§ **WHAT YOU WILL DO**: Using the data below, restate exactly every line from the one with "在医务室,医生给小男孩手指肿" up to and including the one with "This twist on". No picture belongs in it.

§ **SUPPLIED MATERIAL**:
☆ ☆ ☆
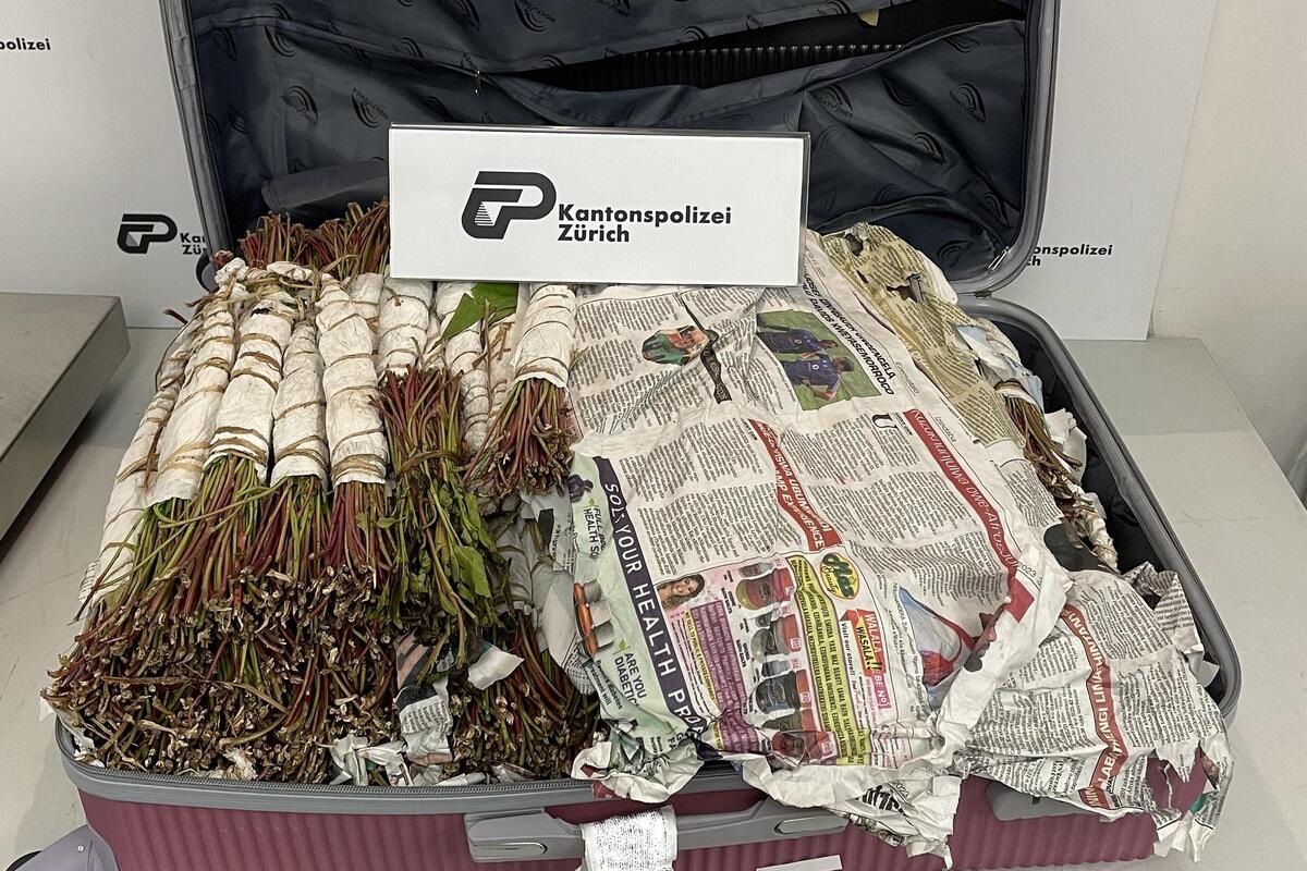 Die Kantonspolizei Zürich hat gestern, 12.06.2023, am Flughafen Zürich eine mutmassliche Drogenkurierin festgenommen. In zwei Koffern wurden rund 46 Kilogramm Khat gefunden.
☆ ☆ ☆
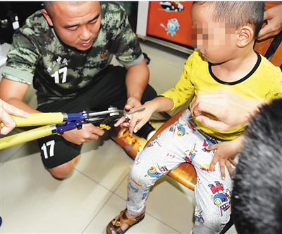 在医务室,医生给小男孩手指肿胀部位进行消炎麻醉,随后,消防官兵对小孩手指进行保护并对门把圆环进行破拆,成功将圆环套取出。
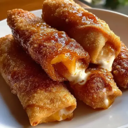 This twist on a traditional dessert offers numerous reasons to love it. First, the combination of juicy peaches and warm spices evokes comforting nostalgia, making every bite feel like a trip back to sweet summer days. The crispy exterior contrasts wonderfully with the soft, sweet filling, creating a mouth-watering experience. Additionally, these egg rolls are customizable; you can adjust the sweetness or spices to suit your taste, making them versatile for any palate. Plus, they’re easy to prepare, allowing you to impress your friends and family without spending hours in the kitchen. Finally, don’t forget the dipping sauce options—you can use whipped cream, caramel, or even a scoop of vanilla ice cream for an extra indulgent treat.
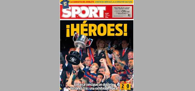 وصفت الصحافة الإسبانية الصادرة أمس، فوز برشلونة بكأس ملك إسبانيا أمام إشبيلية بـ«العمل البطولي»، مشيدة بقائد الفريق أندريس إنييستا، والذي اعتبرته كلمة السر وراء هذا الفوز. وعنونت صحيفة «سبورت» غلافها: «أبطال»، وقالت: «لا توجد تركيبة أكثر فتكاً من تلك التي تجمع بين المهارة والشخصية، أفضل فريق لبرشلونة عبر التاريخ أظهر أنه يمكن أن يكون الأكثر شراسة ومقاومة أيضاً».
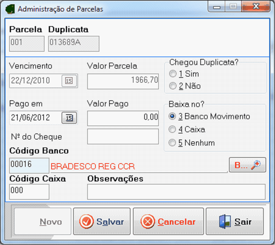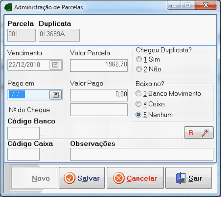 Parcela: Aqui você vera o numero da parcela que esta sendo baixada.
☆ ☆ ☆
§ **EXERCISE SOLUTION**:
 在医务室,医生给小男孩手指肿胀部位进行消炎麻醉,随后,消防官兵对小孩手指进行保护并对门把圆环进行破拆,成功将圆环套取出。
 This twist on a traditional dessert offers numerous reasons to love it. First, the combination of juicy peaches and warm spices evokes comforting nostalgia, making every bite feel like a trip back to sweet summer days. The crispy exterior contrasts wonderfully with the soft, sweet filling, creating a mouth-watering experience. Additionally, these egg rolls are customizable; you can adjust the sweetness or spices to suit your taste, making them versatile for any palate. Plus, they’re easy to prepare, allowing you to impress your friends and family without spending hours in the kitchen. Finally, don’t forget the dipping sauce options—you can use whipped cream, caramel, or even a scoop of vanilla ice cream for an extra indulgent treat.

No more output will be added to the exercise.